Er bestaat ook nog een wind van verlangen. Ik zou ‘t zuchten willen noemen.
Deze wind dient soms als een waarschuwing voor mogelijk verkeerd begrijpen; voor misverstanden tussen de voorspelling & ‘t nu. ‘t Is net een tikje harder als windstil; vaak ook een tikje harder dan ‘t binnensmonds verlangen. Er wordt geademd alsof normaal, maar de storm die ‘t veroorzaakt is men onmiddellijk bewust.
Ik zie ‘t regelmatig m’n blik verduisteren, m’n bril doen beslaan, als ik die al op heb.

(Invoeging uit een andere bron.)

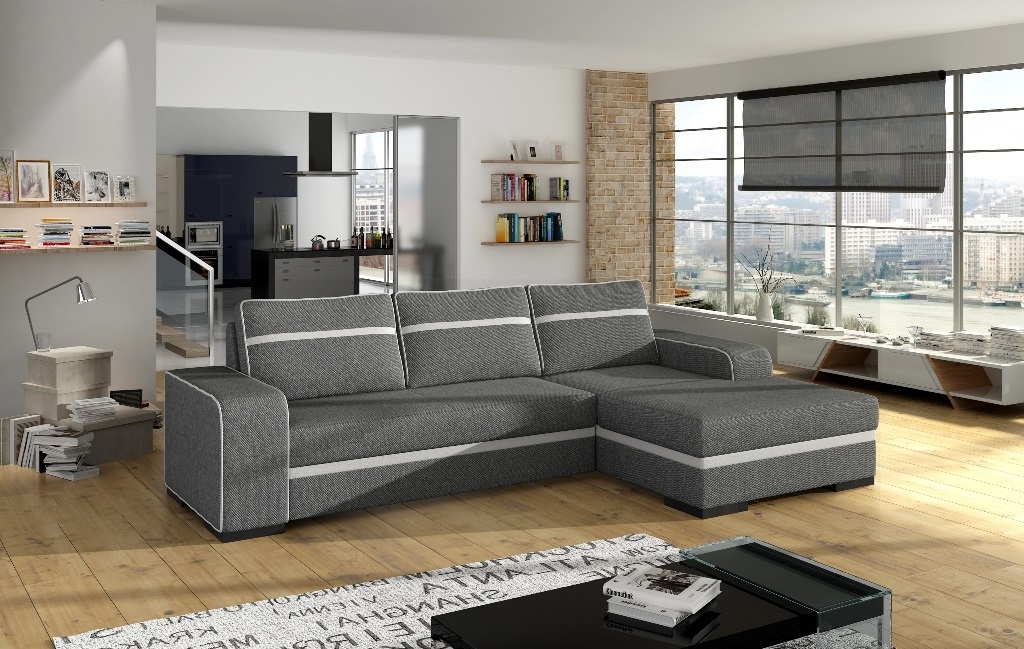 Išskleidžiama kampinė sofa turi patalynės dėžę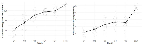 Children’s performance in Chinese character recognition (Figure 3, left) and vocabulary knowledge (Figure 3, right) showed significant yearly improvements before fourth grade, with no notable development observed between fourth and fifth grade. Nevertheless, both abilities in fifth grade remained significantly lower than those of adult readers. The specific statistical comparisons are as follows.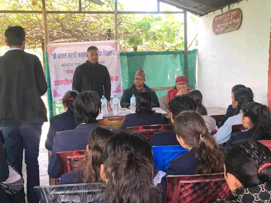 कैलाली । कैलालीको बर्दगोरिया गाउँपालिका वडा नम्बर १ मा रहेको बसन्त मुरारी नमुना माबिले एक दिन “साेच देखी उधमी सम्म कार्यक्रम” अन्तर्गत टिकापुर नगरपालिका वडा नम्बर ५ मा रहेको बनाना कटेजका संचालक कालु हमाल संग विद्यार्थीहरुले व्यवसाय संचालन गर्नका लागि सानो रकममा पनि संचालन गर्न सकिने रहेछ भने प्रेरणा प्राप्त गरेका छ्न्।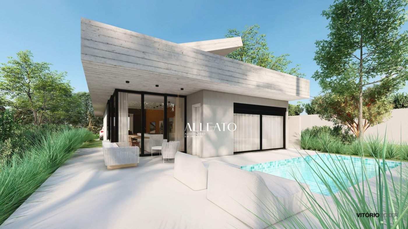 Casa térrea de 265 m² com arquitetura contemporânea e acabamento de alto padrão. Conta com 3 suítes, área gourmet integrada, piscina e paisagismo planejado, em um terreno de 369m². Previsão de entrega para junho de 2026.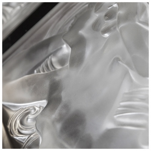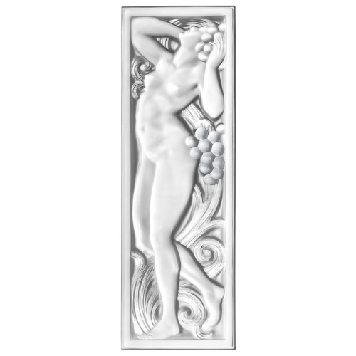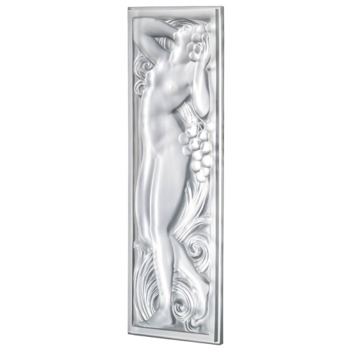 We can witness a sensual and elegant dance. The women moves gracefully surrounded by volutes and grapes. This crystal panel captures light and plunges the viewer into a poetic world.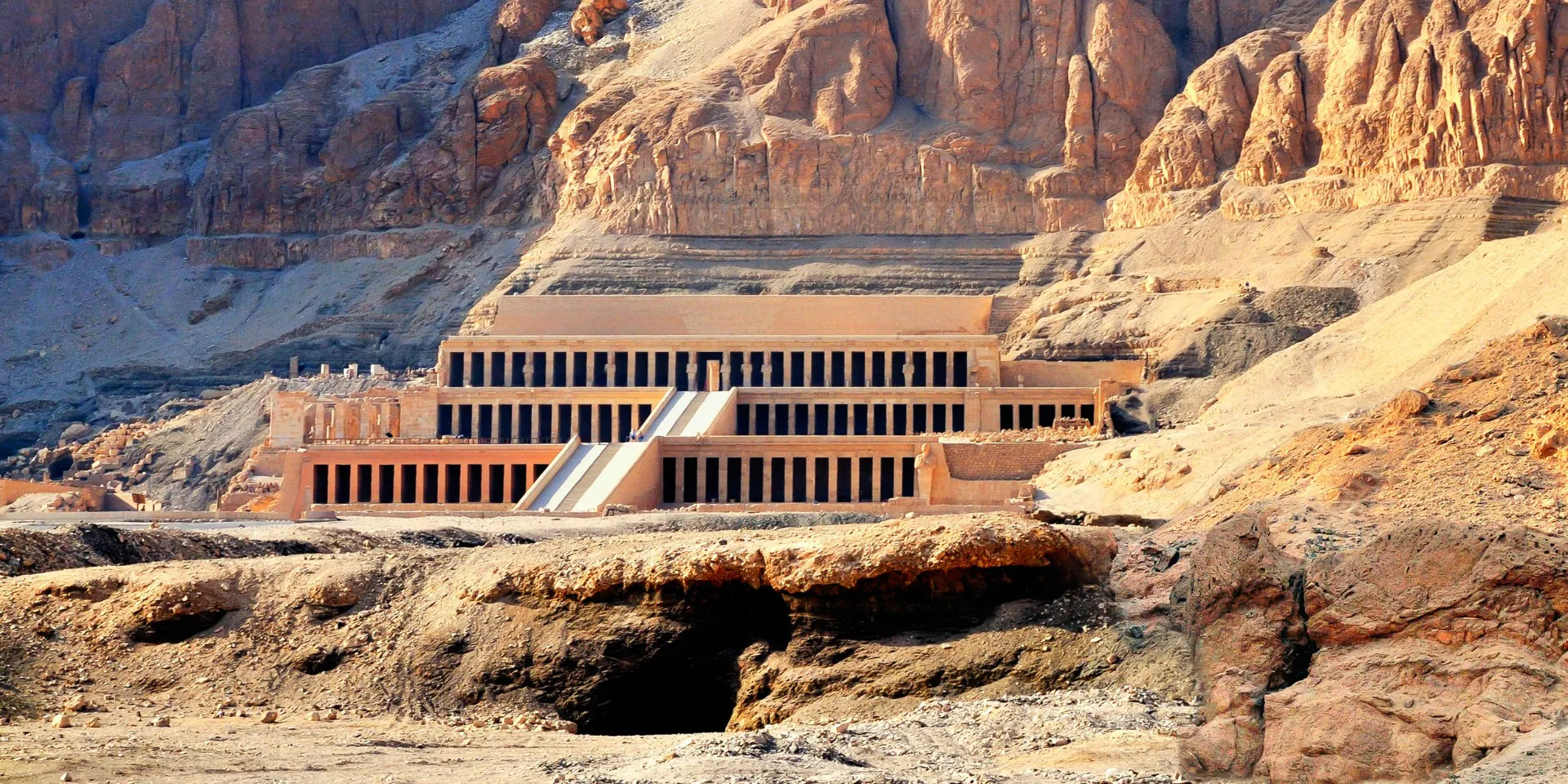 Comenzaremos la jornada en Luxor, antigua Tebas, que alberga una concentración de monumentos asombrosa. Exploraremos el Valle de los Reyes, lugar donde las dinastías del Imperio Nuevo decidieron ocultar sus tumbas abandonando la construcción de pirámides. Conoceremos el Templo de Hatshepsut (Deir el-Bahari), una construcción de terrazas imponentes que parece brotar de la roca y que alberga antiguos frescos en su interior. Saludaremos a los Colosos de Memnón, figuras de piedra de más de 15 metros de altura que actúan como guardianes del antiguo templo de Amenofis III tras resistir a más de 3400 años de inundaciones y tormentas.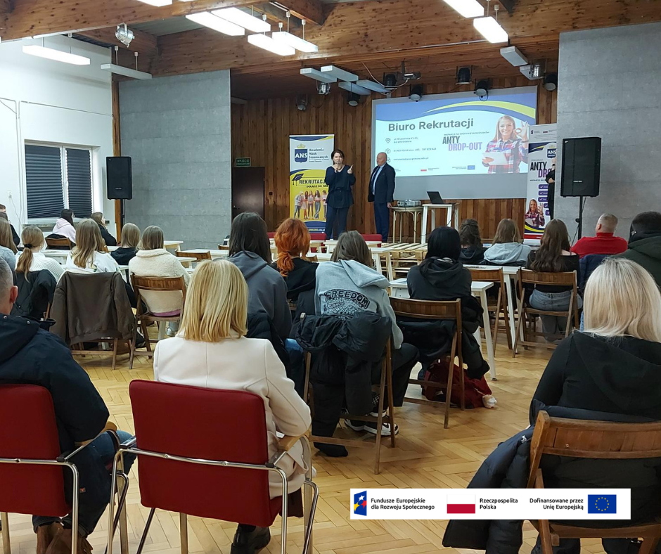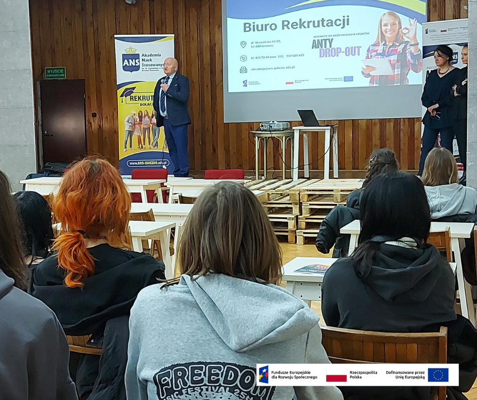 25 lutego 2026 roku przedstawiciele Akademia Nauk Stosowanych w Gnieźnie Uczelnia Państwowa odwiedzili uczniów klas maturalnych Zespół Szkół Niepublicznych w Janowcu Wielkopolskim. Spotkanie odbyło się w ramach projektu ANTY DROP-OUT, którego głównym założeniem jest wspieranie młodzieży w podejmowaniu świadomych decyzji dotyczących dalszej edukacji i planowania kariery zawodowej.

‘t Doet me daardoor niet verlangen naar warme landen. Alhoewel men daar de effekten van de hete sirocco inmiddels heeft weten te doorgronden; waar men die wind makkelijk weet te weerstaan. Men wordt daar niet meer omver geblazen door die verschrikkelijke zucht, die wind, die als een veer ‘t zwakke punt weet aan te wijzen.
Hier blijven we nuchter, hier negeren we de effekten van de zucht. Die zachte zucht die de rug een tikje geeft & geleidelijk doet krommen. Steeds weer een tikje. Soms ook op de borst.
Die omarmend langzaam bezit neemt van de ledematen, ze laat zwieren of laat strammen. Al naar gelang ‘t lichaam. & Z’n flexibliteit.
Soms verlang ik naar die zuchtende wind. Verlang ik omgeven te worden. Zie ik verre landschappen, waarbij graslanden platgewalst worden onder de stille druk ervan. & Zie ik de zachte bedrieglijke golven ‘t diepe verbergen, door subtiele welvingen aan ‘t toonbare oppervlak.
Maar ik denk ook vaak dat mij beter die zucht bespaard kan blijven. Dat ik reeds te veel stormen verwerken moet.
Dan hebben we geen behoefte meer aan subtiliteit in Zijperspace.